# Housing



## earlybird (Oct 1, 2008)

This is our first year w/ beef, cows, well steers.   We're planning to get two calves (born in October/November) every year and slaughter them in the fall.  One of my biggest concerns is the very wet weather we have here in Oregon; we don't have housing for our cows as we were told we didn't need it.   This is the advice we received from several sources, is that accurate?


----------



## Farmer Kitty (Oct 1, 2008)

I don't necessarily agree. It does depend on your pasture and if there are pine trees they can get under for shelter but, I would recommend something. Our big heifers have a leanto type shelter we use in the winter with them so they can get out of the cold and snow. I know your weather doesn't get as cold but, in the spring, summer, and fall ours are on pasture with a stand of pine trees and that is often where they go to get out of the nastier summer weather. Other types of trees are good for shade trees. 

So look at your setup and ask yourself, do they have a place to get out of the bad weather or the hot sun? They really don't need something fancy.


----------



## wynedot55 (Oct 1, 2008)

if you have trees that can provide shelter.but if you have the time an money you can put up a 3 sided shed.an they should be fine.


----------



## earlybird (Oct 2, 2008)

I think we should think of a three sided shelter.  We do have trees, but they're oaks, they're great for summer shade, but  they won't be much shelter in the winter. 

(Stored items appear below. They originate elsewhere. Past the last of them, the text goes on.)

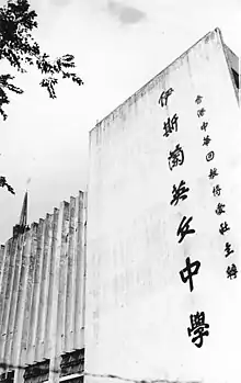 Founded in 1970 as Islamic College, the school was formally renamed Islamic Kasim Tuet Memorial College in 1997. It is founded and sponsored by the Chinese Muslim Cultural and Fraternal Association.[3] The school motto is composed of four key Chinese characters: Prolific, Academic, Affectionate, and Cooperative, which represent the fraternal nature and peace-loving spirit of Islamic teachings.[4]
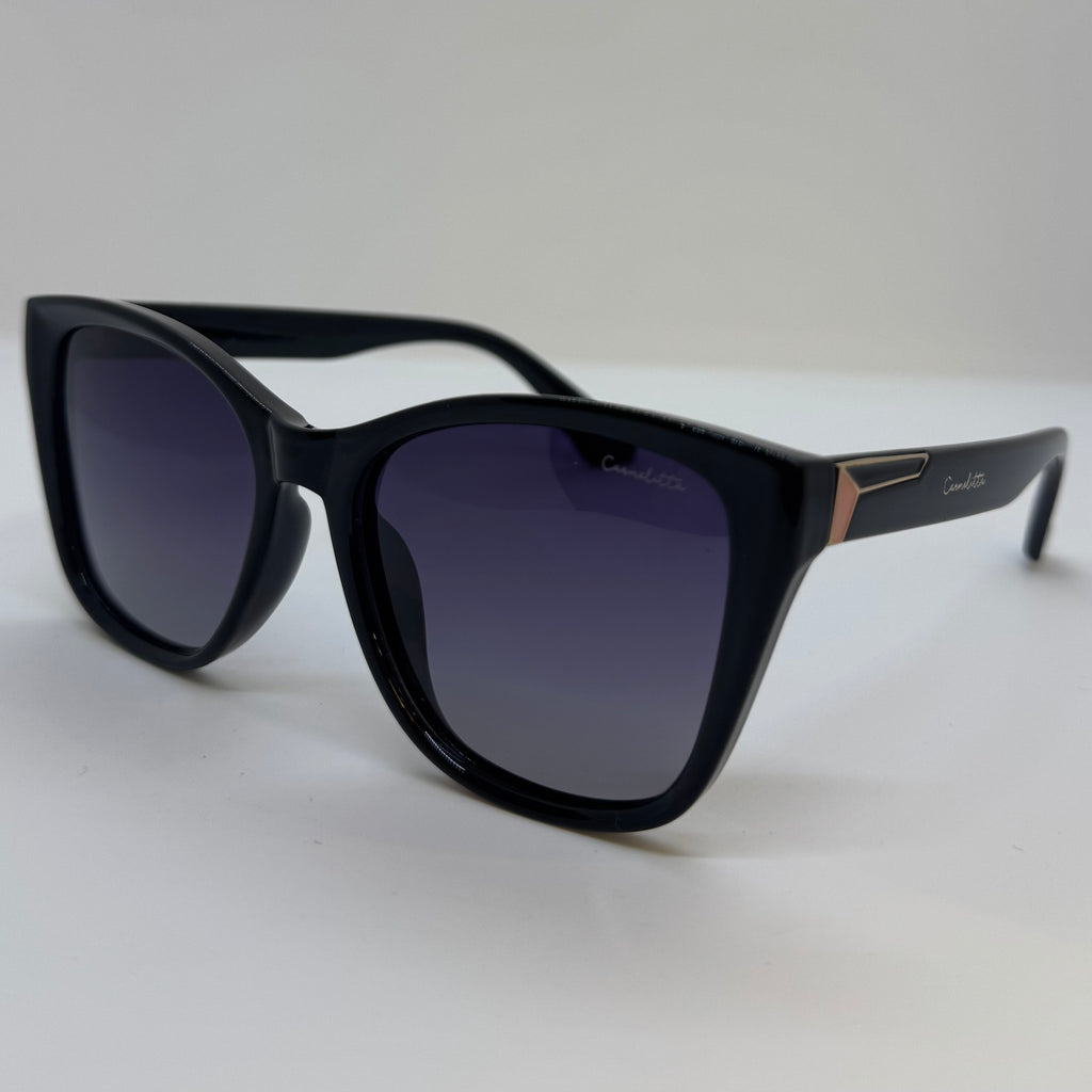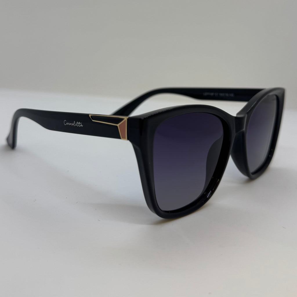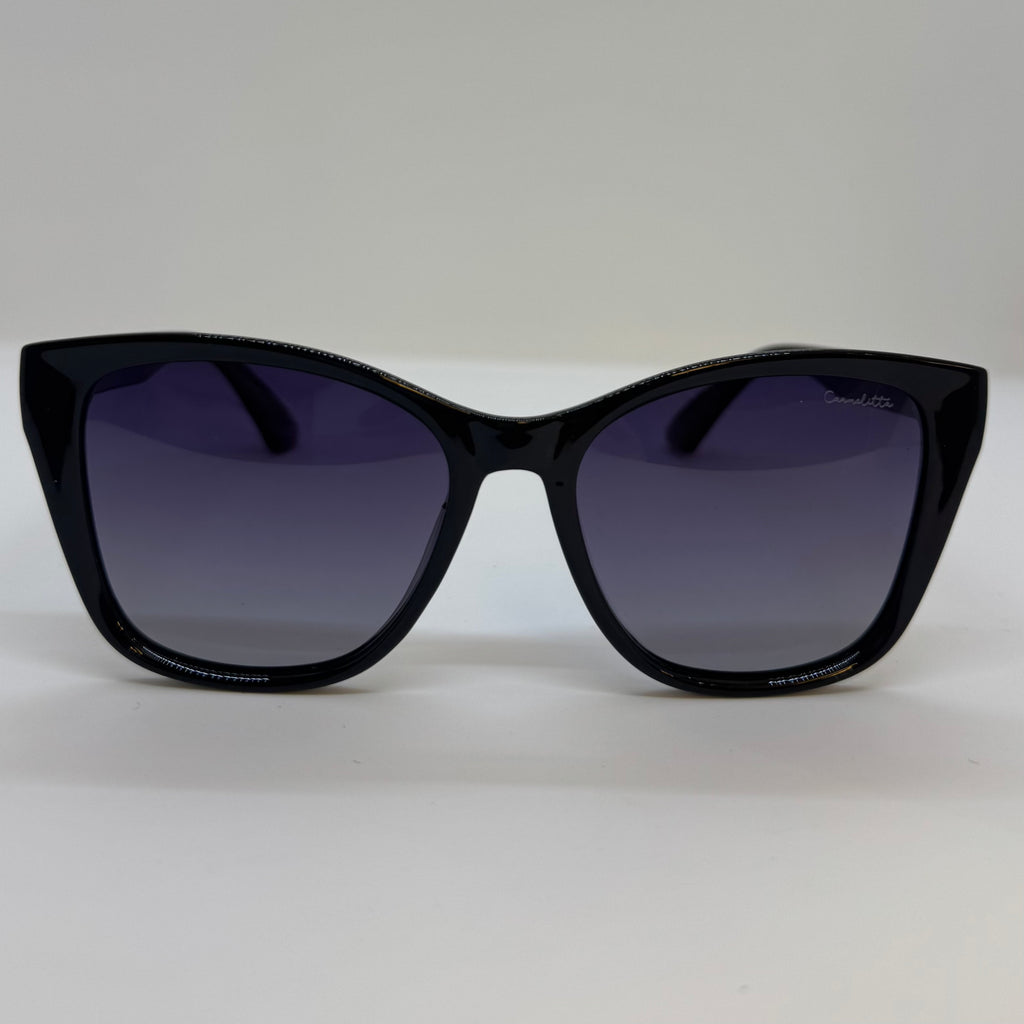 Óculos com armação em acetato de alta resistência na cor preto, hastes com encaixe confortável em preto e detalhes metalicos na dobradiça, as lentes em fumê que garantem maior estabilidade visual, além de possuir um formato quadrado levemente gatinho que traz um ar de sofisticação e elegância.
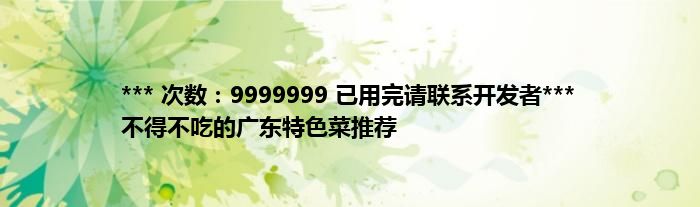 大家好,综合小编来为大家讲解下。*** 次数:9999999 已用完请联系开发者*** 不得不吃的广东特色菜推荐这个很多人还不知道,现在让我们一起来看看吧!
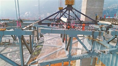蔣錦里告訴筆者,57節(jié)鋼桁梁,每一段鋼桁梁,都是用高強(qiáng)度螺栓進(jìn)行固定的。一排排的螺栓,如果有一個螺栓安裝有偏差,其它螺栓就對不上孔,便無法安裝上去。因此每一顆螺栓的安裝精度,都是以毫米來計算的,“螺栓直徑24毫米,螺栓孔直徑26毫米,只有2毫米可供周旋。”總共算下來,興康特大橋一共要使用接近60萬顆高強(qiáng)度螺栓,是其它大型橋梁的數(shù)倍。目前,興康特大橋57節(jié)鋼桁梁均已成功吊裝,整個線型滿足要求,近60萬顆螺栓無一擴(kuò)孔現(xiàn)象發(fā)生。
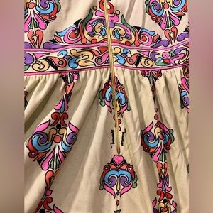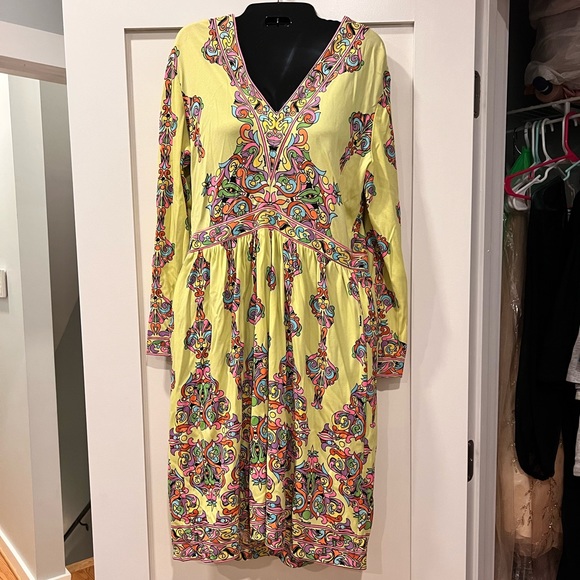 This is a vintage dress by Miss Magnin. Very colorful with the background color as yellow. The dress has a back zipper. The material has some stretch and can easily fit sizes 8/10.
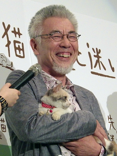 5年ぶりの主演映画「先生と迷い猫」の完成披露イベントに出席したイッセー尾形と“共演”の猫・ドロップ
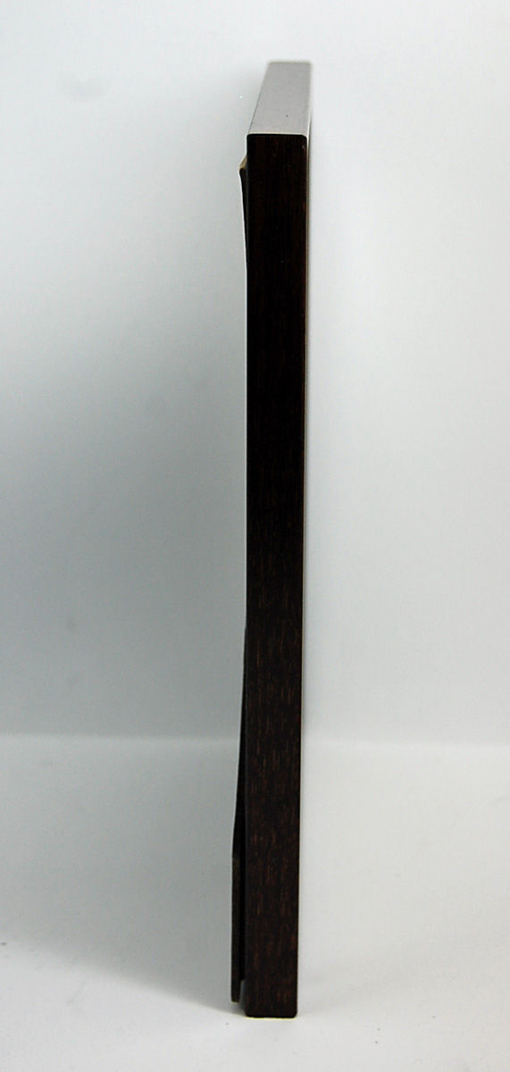 Artwork is framed either in a 6" x 8" black plastic frame with glass or a 7" x 9" brown plastic frame with glass -
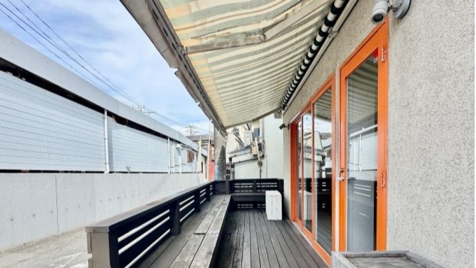 ※サービスカウンター、作り付けのベンチ、ガス栓、排水、エアコン、トイレ、手洗い場、換気扇、そしてテラス席として使える外デッキは残置物
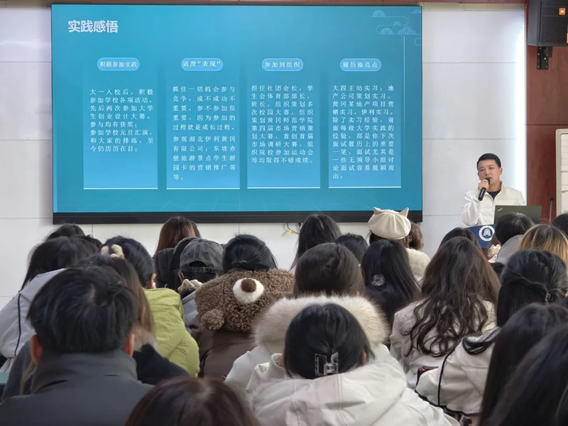 碧桂园服务湖北区域运维总监、2011届国际经济与贸易专业毕业生洪乐则带来《从校园到职场的修炼秘籍》的精彩报告,他以自身从管培生到区域总监的成长路径为例,向学生拆解“职场新人的角色转换、沟通逻辑与抗压能力培养”,其“先做‘执行者’再做‘思考者’”的观点引发学子共鸣。
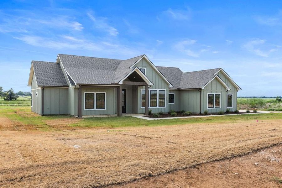 Don’t miss your opportunity to own this stunning new construction home situated on a spacious 1-acre lot with NO HOA OR CITY TAXES! Thoughtfully designed for both style and energy efficiency, this home will feature full spray foam insulation for year-round comfort and lower utility costs. With 4 generously sized bedrooms, 2.5 bathrooms, and a dedicated home office, the layout offers the perfect balance of function and flexibility. The open-concept living space is anchored by gorgeous wood-look tile flooring and a modern kitchen complete with propane gas range, sleek quartz countertops, an oversized center island, and soft-close cabinetry. The private primary retreat is tucked away from the secondary bedrooms and boasts serene views of the backyard, dual vanities, a freestanding soaking tub, a large walk-in shower, and a massive walk-in closet with convenient direct access to the laundry room. Outside, there is an oversized covered patio, ideal for relaxing or entertaining while overlooking your expansive backyard. Irrigation will be installed, keeping your lawn lush is simple and there’s still plenty of room to add a pool, workshop, or park your RV or boat. This home offers the perfect blend of comfort, craftsmanship, and countryside charm, all just a short drive from town. Schedule your tour today and start planning your move!
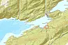 STENGT BRU: Sanddal bru på fylkesveg 121 i Fusa kommune er stengt for all trafikk, men vegvesenet håpar å få opna ei provisorisk bru i løpet av dagen. (Kartverket)
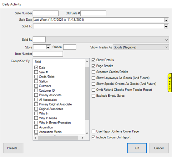 As with other reports, the Daily Activity report can be grouped multiple ways using the Group/Sort by... window. Decide which information field is displayed first by checking the box for your choice, then clicking and dragging to the top of the list.
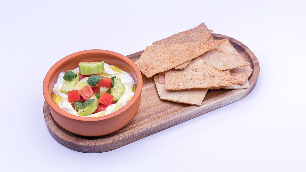 Our special labneh mix, topped with a cucumber, tomato, and mint salad, dressed with lemon oil. Served with baked pita chips
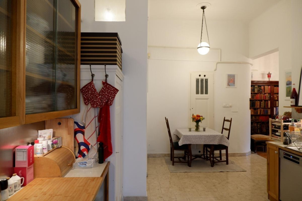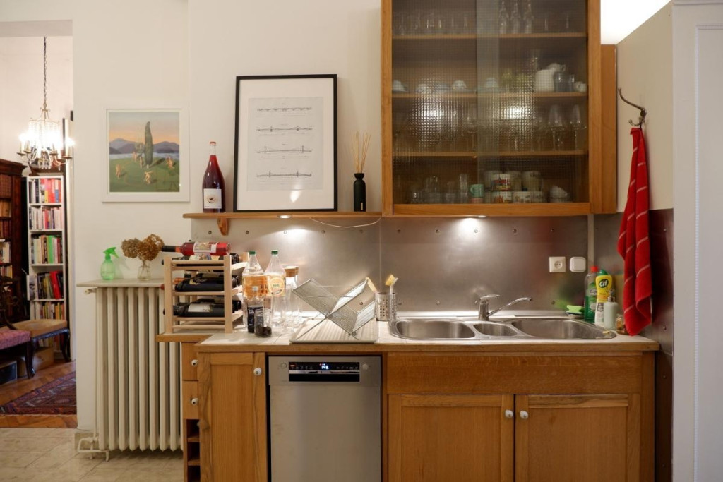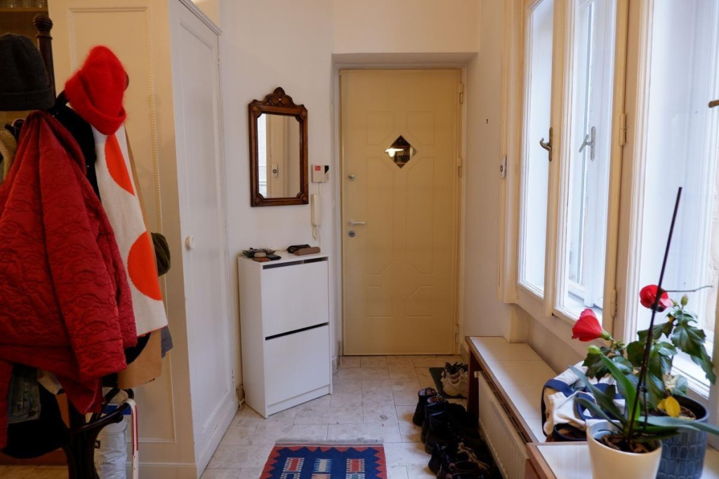 Előszobája - egy korábbi átalakítás után - az oldalkertre néző hatalmas ablakokkal épült tágas helyiségként fogadja a belépőt, a bútorozott konyha-étkezővel közös légtérben, innen nyíló háztartási helyiséggel, kis kamrával.
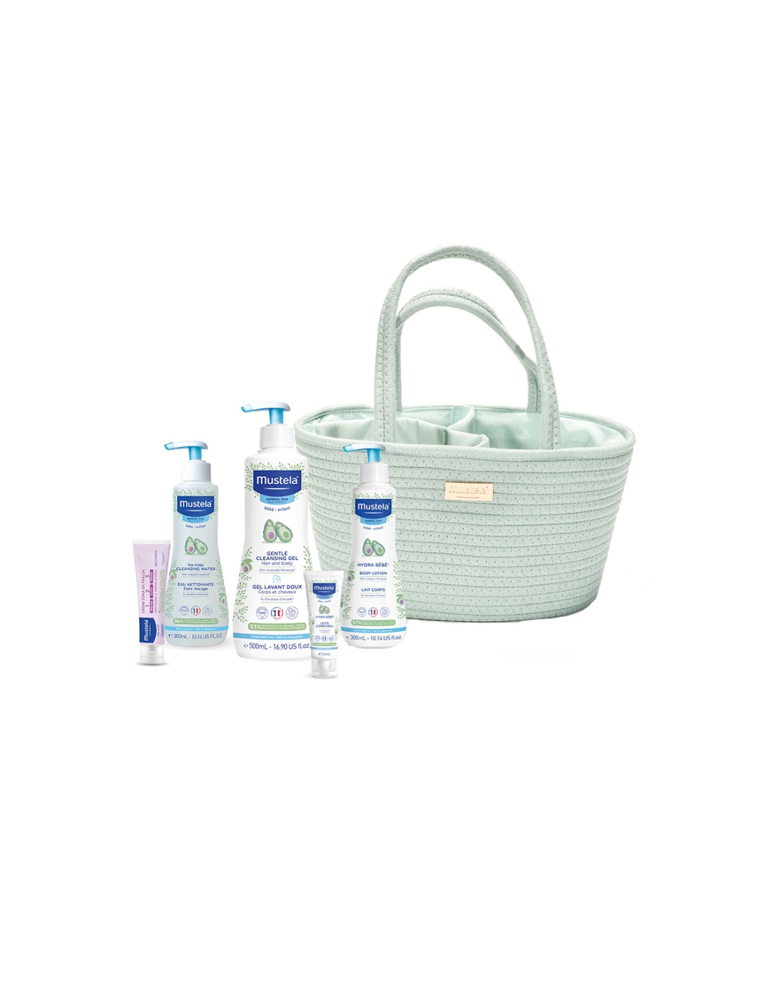 Esta cesta reúne os cinco produtos mais icónicos da Mustela, indispensáveis para o cuidado diário:
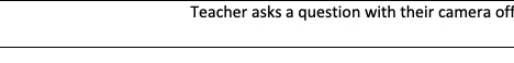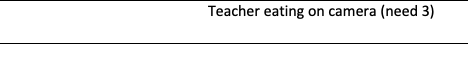 Brodie getsupset about notbeing able tohave time to dobook check in Berrywritessomethingin the chat"OpenHouse"“Deadhorse” Patrick rollseyes from adumbquestion “Holdme tothe fire” “Generalist” "ElectionDay"TalkTeachereating oncamera(need 3)Olberdinglaughing oncamera (noless than 3times)“I haveakid….” Knutson sitsin a largechair withblanket Recordspowerpoint Refers tohimself inthe 3rdperson Linda hasa question(no lessthan 7)Seansounding likehe’s in thebathroom AEAContractTalk “Dicey”Interruptsa teachermid-sentence Teacherasks aquestion withtheir cameraoff Sickleavequestions “Symptoms” Roz stillhasn’tgone intolaborStaffwearinghats(need 3)Brodie getsupset about notbeing able tohave time to dobook check in Berrywritessomethingin the chat"OpenHouse"“Deadhorse” Patrick rollseyes from adumbquestion “Holdme tothe fire” “Generalist” "ElectionDay"TalkTeachereating oncamera(need 3)Olberdinglaughing oncamera (noless than 3times)“I haveakid….” Knutson sitsin a largechair withblanket Recordspowerpoint Refers tohimself inthe 3rdperson Linda hasa question(no lessthan 7)Seansounding likehe’s in thebathroom AEAContractTalk “Dicey”Interruptsa teachermid-sentence Teacherasks aquestion withtheir cameraoff Sickleavequestions “Symptoms” Roz stillhasn’tgone intolaborStaffwearinghats(need 3)
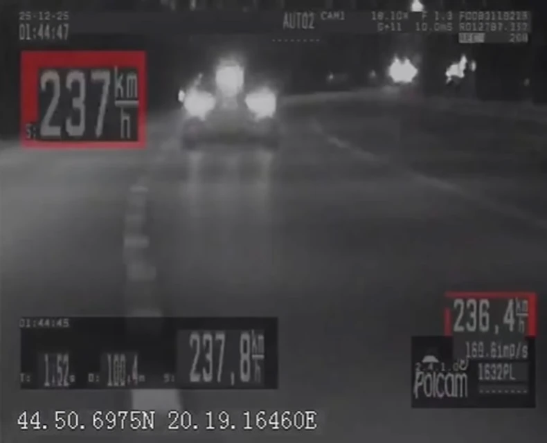 On se, prema saopštenju MUP-a, kretao brzinom od 237,8 kilometara na čas, na delu moto-puta gde je brzina ograničena na 100 kilometara na čas.
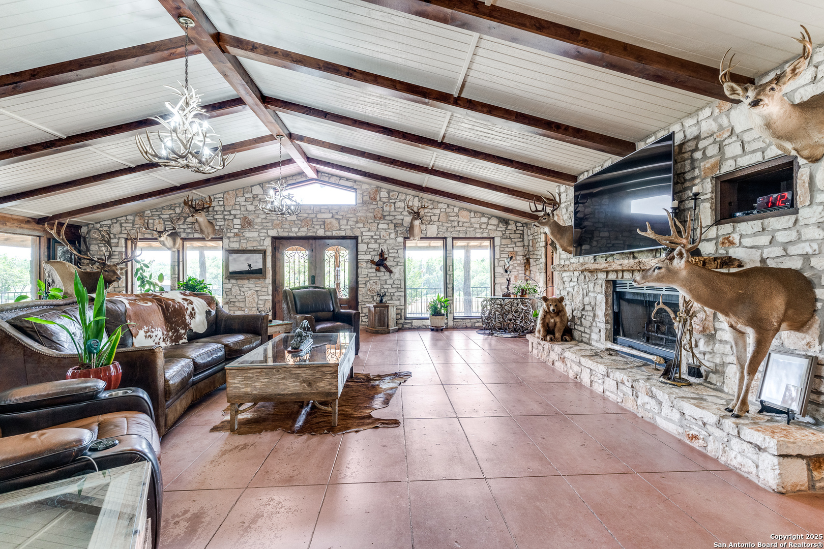 Luxury Ranch Retreat just Minutes from San Antonio!! This property offers a total of 31.5 acres and 2 homes, perfect for multi-family living or large-scale entertaining! Discover an ideal blend of rustic luxury, function, and outdoor living with this breathtaking high-fenced property. Designed for both comfort and utility, this ranch delivers peaceful seclusion without sacrificing convenience. This property is like its own private oasis! *At the heart of the property sits a stunning 4,215 sq. ft. rustic ranch-style home featuring a wraparound porch, sparkling pool, and sweeping country views. Inside, you'll find: 3 spacious bedrooms & 3 full baths Office/multi-use room 2 living areas with soaring ceilings 3 impressive wood-burning fireplaces Unique stone flooring Safe room * 2nd residence features an impressive 3/2.5 1948 sf two-story rock home, which not only boasts aesthetic charm but also speaks to durability and timelessness. 3 beds / 2.5 baths Fireplace Main floor Master suite with double vanities, his & her closets Custom kitchen cabinets Plus enjoy the outdoors at its absolutley amaing outdoor entainment area with firplace, bar, sink, ice make, refrigerator... Property Highlights: High-fenced with automatic gated entrance Abundant wildlife, white-tailed deer, turkey, dove, ducks, cranes & more Deer/livestock pens, Large well-fed stocked pond with pier, plus a 2nd pond, Two water wells Coastal hay field, Three-stall horse/livestock barn with covered equipment storage. Additional open barn with stalls, Outbuilding with walk-in cooler, walk-in freezer & stainless steel countertops, Storage building & 2-car carport, Fenced yard & in-ground pool. Endless Possibilities, whether you envision a private retreat, horse or livestock operation, 4-H projects, or a turnkey ranch with income potential, this property has it all. The combination of wildlife habitat, ranch infrastructure, and country living makes it ideal as a full-time residence, weekend getaway, or even a corporate retreat. Peaceful, private, and move-in ready-this ranch delivers the very best of country living just minutes from San Antonio!

Thanks for the responses girls.


----------



## Farmer Kitty (Oct 2, 2008)

You're welcome!




As for wynedott55 you might be surprised. A wynedott is a type of chicken.


----------



## wynedot55 (Oct 2, 2008)

looks down well i reckon im an old bull


----------



## kstaven (Oct 4, 2008)

wynedot55 said:
			
		

> looks down well i reckon im an old bull


Better than being a steer!


----------



## wynedot55 (Oct 5, 2008)

yeah


----------